# New Track Build - What color? What timing?



## smokinHOs (May 30, 2006)

Ok guys, so here goes.. After nailing down the manufacturer and finalizing the design, only pricing remains and a couple large details- Track color and Timing. Please select one answer in each category.

So you get to help. Post you thoughts and select the options. Please keep in mind that going gray would mean $150-$200 more than black. 

Thanks for being part of the build..!

-Marc and Marcus


----------



## cwbam (Feb 8, 2010)

*some photos*

White track & Gray track photos


----------



## Dyno Dom (May 26, 2007)

Gray, which manufacturer is building your layout??


----------



## smokinHOs (May 30, 2006)

*New Track Build..*

Decided to go Wizz this time around. Had a MaxTrax and loved how smooth it was and the ability to change the layout, but never could get past the limited design capabilities and the downforce. 

-Marc and Marcus


----------



## Dyno Dom (May 26, 2007)

Wizz is a nice track, good luck & enjoy! :thumbsup:


----------



## smokinHOs (May 30, 2006)

*Wizz*

Thanks Dom,

I know we have talked before about Max and set-ups and I still like to run Tjets, AFX, and other stuff like Brass cars and such on it... But my SS, and poly cars were difficult to set-up on my Max then try to compete on Tomy type rail. Maybe if I could have opted for a 5ft wide track versus a 4x17 I could have eliminated some of the tight turns and made the gutters a little more friendlier too... 

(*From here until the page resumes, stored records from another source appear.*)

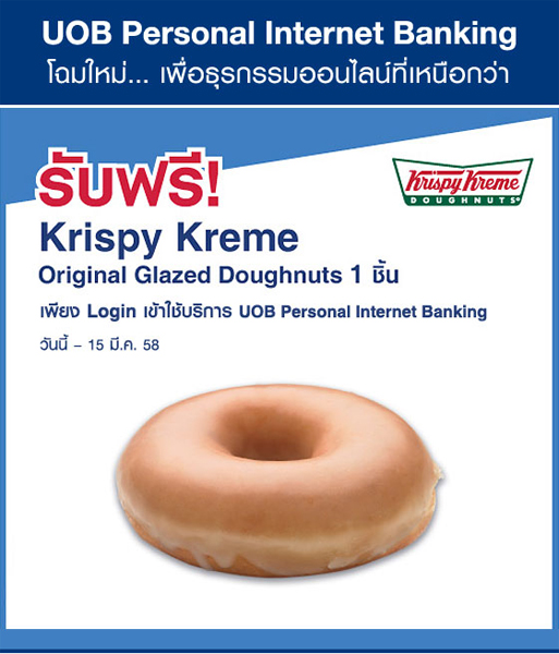 หมายเหตุ:การเข้าใช้บริการ UOB Personal Internet Banking ได้แก่ การ login เข้าใช้บริการเพื่อตรวจสอบ, สรุปข้อมูลบัญชี, การตรวจสอบประวัติการทำรายการ, การตรวจสอบสถานะการทำรายการ, บริการขอเพิ่มวงเงินบัตรเครดิตชั่วคราว, บริการโอนเงินทุกประเภท, บริการชำระค่าสินค้าและบริการ, บริการเกี่ยวกับเช็ค, บริการธนาณัติออนไลน์, บริการขอรับและเปิดใช้ SecurePlus token และบริการอื่นๆ ภายใต้ UOB Personal Internet Banking ธนาคารจะดำเนินการจัดส่ง SMS แจ้งสิทธิพิเศษให้ลูกค้าผู้ที่ได้รับสิทธิ์ทราบภายใน 7 วันทำการหลังจากวันที่ลูกค้า เข้าใช้บริการ UOB Personal Internet Banking - ลูกค้าผู้ที่ได้รับสิทธิ์จะต้องใช้หมายเลขมือถือที่ใช้รับ SMS-OTP ของบริการ UOB Personal Internet Banking เพื่อรับ สิทธิ์โดยการกดโทรออกตามเบอร์ที่ระบุไว้ที่หน้าร้าน Krispy Kreme และแสดงรหัสกับพนักงานร้าน Krispy Kreme ภายในวัน/เวลาที่กำหนดในข้อความ เพื่อรับ Krispy Kreme Original Glazed Doughnut 1 ชิ้น ตั้งแต่วันที่ 1 ม.ค. - 15 มี.ค. 58 เท่านั้น โดยลูกค้าสามารถติดต่อขอรับได้ที่ร้าน Krispy Kreme ทุกสาขา ยกเว้นสาขาในสนามบินสุวรรณภูมิ และสนามบินดอนเมือง
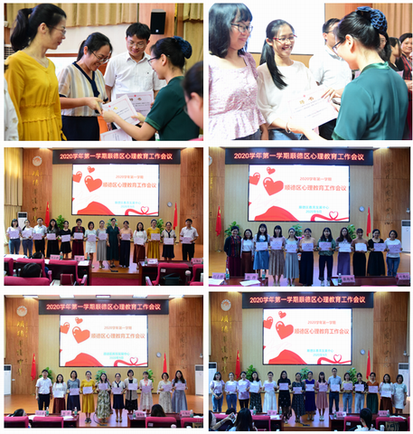 會議最后一項內容是對上一學年優(yōu)秀心理教師進行表彰。頒發(fā)了心理輔導助力中高考活動積極分子等證書,同時還下發(fā)了順德心理獲得省、市獎勵的證書。沉甸甸的收獲,是對專職心理教師付出的肯定,笑容洋溢在每一位順德心育人臉上。
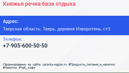 Княжья речка, база отдыха по адресу Тверская область, Тверь, деревня Изворотень, ст1 в дальнейшем Организация, размещена в следующих категориях:
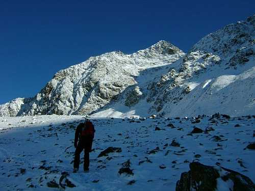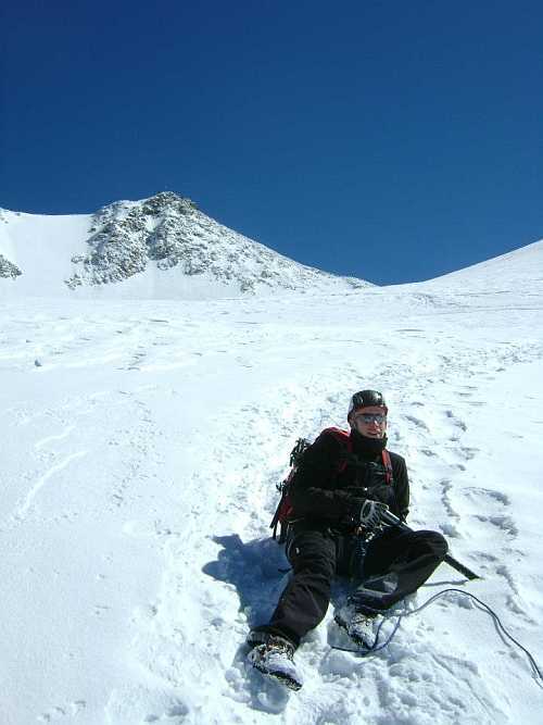 Na ledovci jsme samozřejmě navázání byli, mačky vzhledem k čerstvému sněhu nebyly třeba. Lano a mačky jsme nechali pod hřebenem, který je v podstatě jen skála, jen kvůli tomu že napadl sníh tam bylo jedno uklozaný místo , kde by se mačky hodily... a když jsme viděli, že všichni nechávaj bagáž pod skálo, nechali jsme taky :)
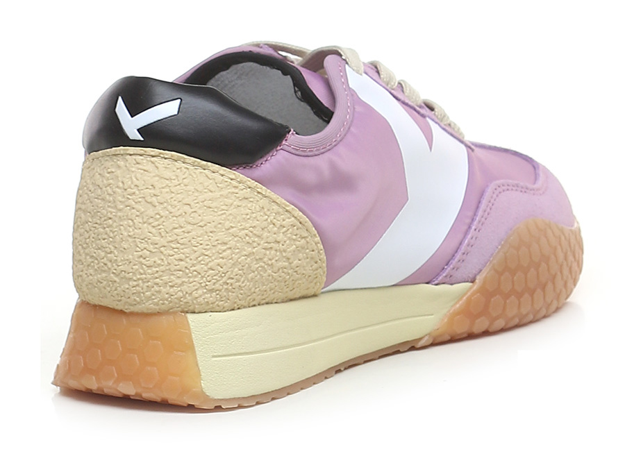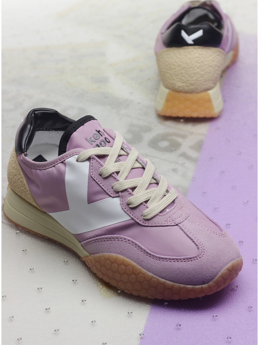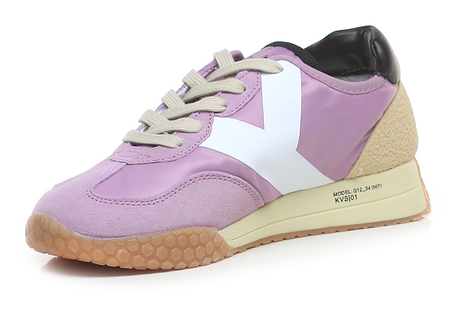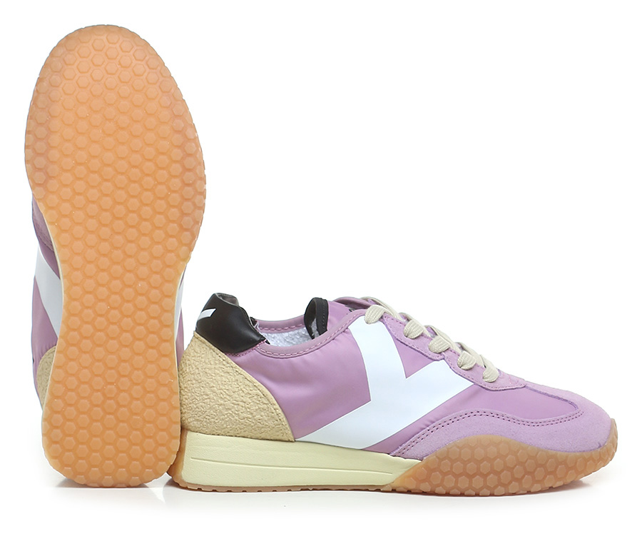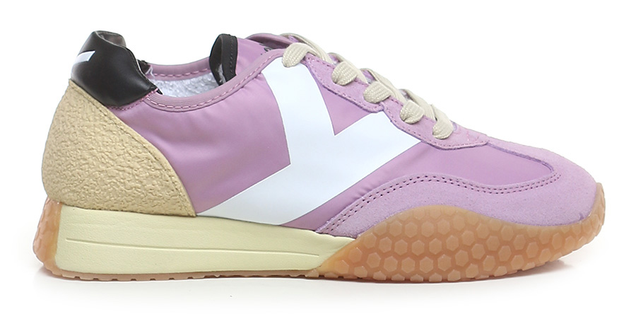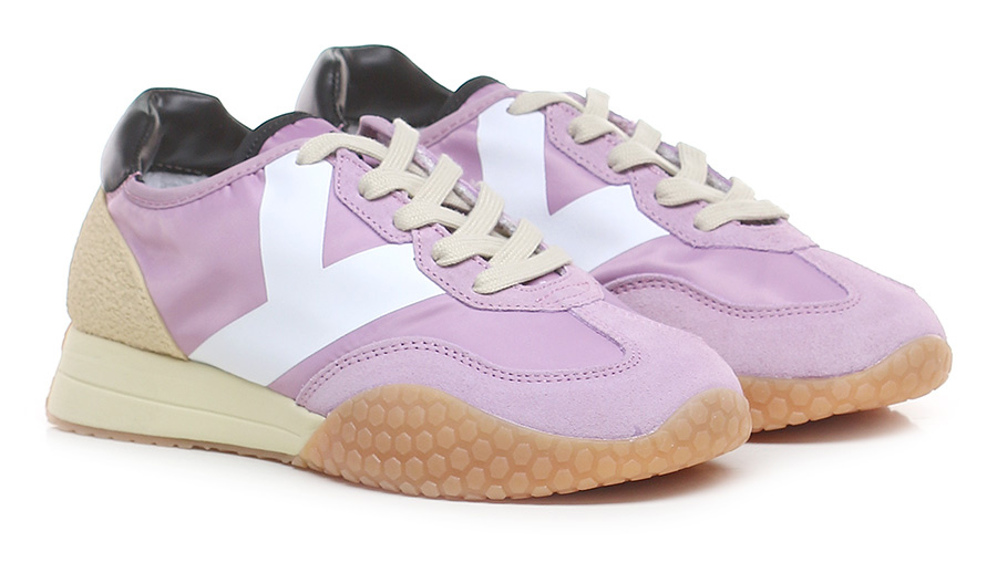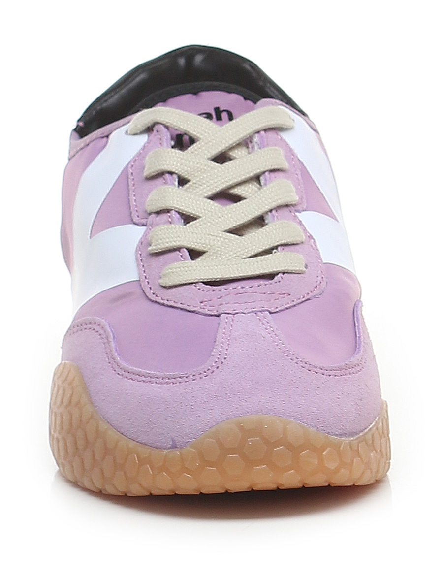 Fabric and suede sneaker with pvc heel tab and rubber sole. 35mm heel height, 20mm platform with 15mm ledge.
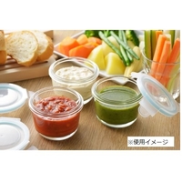 ●本体:耐熱ガラス、フタ:ポリプロピレン、パッキン:シリコーンゴム●縦8.2×横8.2×高さ6.4cm●185g(1個)●150ml(1個)●本体:耐熱温度差120℃、フタ:耐熱温度/100℃、耐冷温度/-20℃、フタパッキン:耐熱温度/200℃●中国製※フタ・パッキンは食洗器使用不可
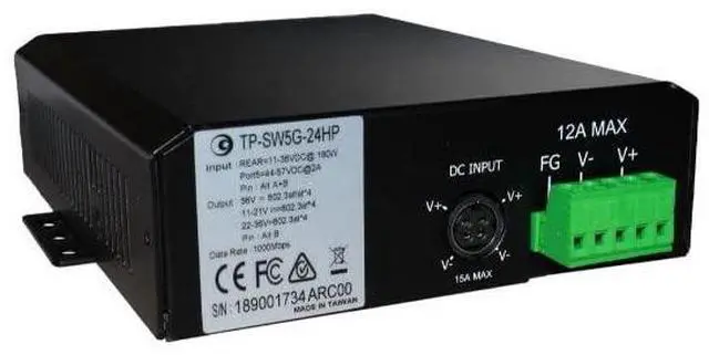 The TP-SW5G-24HP Power Over Ethernet (POE) 10/100/1000Mb switch offered by Tycon Power Systems is a fully automatic high speed 5 port Ethernet switch with up to 35 Watts of POE power per port 140W Max Total. It complies with the IEEE802.3af/at specifications for valid POE device detection. The unit supplies power to the remote device on the unused Ethernet pins 4,5(V+) and 7,8(V-). The Ethernet spec supports distances up to 100m (328 feet) between the POE switch and the remote device. The switch accepts DC power from 12-36VDC which makes it an excellent choice for those systems powered by battery power. There are 2 power inputs for attachment of primary and backup power sources. It also accepts 802.3af or 802.3at power thru port 5. Applications Wireless Access Points and Client Devices IP Phone and Security Camera Systems

At least my old Max has been passed around on the forum to a couple owners so it is still being enjoyed.

Don't know if you remember you offering, but I still might take you up on that invite to run on your 6 lane Max someday.. :thumbsup:

-marc and marcus


----------



## Dyno Dom (May 26, 2007)

Yes, and invite still stands!


----------



## Rick Carter (Dec 2, 2008)

So since your Max has been passed around a few times on this board, I take it that it's a real HO, huh???


----------



## smokinHOs (May 30, 2006)

*The real thing...*

Let's just say that she has NEVER failed to please.. at least for a little while.. right? :thumbsup:

-Marc and Marcus


----------



## slotcarman12078 (Oct 3, 2008)

I voted grey because it just looks better. I skipped on the timing because I know zip about any of them. Looks like I voted with the majority so far.


----------



## rodstrguy (Feb 14, 2002)

I voted for black... $150-200 could be more track for money better spent.


----------



## beast1624 (Mar 28, 2009)

I personally like black but I realize it is harder to see the cars. We have a light bar on ours and it has been very reliable with no malfunctions in 2 years (now watch me go down there tonight and it will be out!).


----------



## smokinHOs (May 30, 2006)

*Gray and light bar so far..*

The additional cost of the gray track is ok with me. One thing I liked about my old Maxtrax was the ease of seeing the cars and the slightly more realistic look of the "pavement" of the racetrack. 

However- I don't remember NOT enjoying running on darker sectional tracks or the first Bucktrax I raced on in HS (which was black). The only other thought is cleaning a gray track is a bit more of a chore BUT again the dirt and paint rubs kinda give it a realistic feel in a strange way.

I am glad the majority about 2:1 feels the same way.

As for light bar.. this is tough for me. I have raced on tracks with all three and for me the cleanest and easiest way was dead strip. I know most people don't like em, but never liked having a bridge over the track (although I have seen some tastefully done ones), and reeds seem the least consistent. 

This should be interesting...

-marc and marcus


----------



## Dyno Dom (May 26, 2007)

My MT has a dead strip w/a Trix-Trax lap counter & timer, works great!
The dead strip & reed switches work well as mechanical type lap triggers
but the overhead light gantry will not function properly with that type lap counter.


----------



## Hornet (Dec 1, 2005)

One way to make a reed switch set-up more consistent,is to use SwamperGene's old tip of a nail between the reeds.
The nail helps to keep the stray magnetism from tripping the next door reed.
Another way to help their consistency is to double them up,and use 2 per lane.
If you tie 2 together lengthwise it gives you more time to trip the circuit,as the car is over the 2 reeds twice as long.
Dead strips are good too,i race on both systems,and theirs nothing wrong with either way.
Just passing on Swampers old tip:thumbsup:


----------



## NTxSlotCars (May 27, 2008)

I didn't see a vote for brown or tan track...
We're old school, count our own laps and prefer a dirt track.


----------